* EXERCISE DESCRIPTION *
Reproduce precisely the lines of the listing below, starting with the line that contains "事實上,6月初家居新範式曾在" and stopping after the line that contains "This card is"; include nothing else.

* EXERCISE MATERIAL *
============================================================

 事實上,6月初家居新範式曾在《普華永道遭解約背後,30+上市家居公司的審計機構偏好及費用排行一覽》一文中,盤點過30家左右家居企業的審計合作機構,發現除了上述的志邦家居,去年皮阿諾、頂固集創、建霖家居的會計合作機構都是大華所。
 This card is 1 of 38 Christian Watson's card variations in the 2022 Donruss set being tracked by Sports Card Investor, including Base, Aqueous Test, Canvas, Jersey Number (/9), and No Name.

============================================================

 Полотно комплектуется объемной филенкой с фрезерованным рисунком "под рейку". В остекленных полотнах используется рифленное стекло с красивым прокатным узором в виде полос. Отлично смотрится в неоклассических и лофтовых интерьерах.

============================================================

* OUTPUT OF THE TASK *
 事實上,6月初家居新範式曾在《普華永道遭解約背後,30+上市家居公司的審計機構偏好及費用排行一覽》一文中,盤點過30家左右家居企業的審計合作機構,發現除了上述的志邦家居,去年皮阿諾、頂固集創、建霖家居的會計合作機構都是大華所。
 This card is 1 of 38 Christian Watson's card variations in the 2022 Donruss set being tracked by Sports Card Investor, including Base, Aqueous Test, Canvas, Jersey Number (/9), and No Name.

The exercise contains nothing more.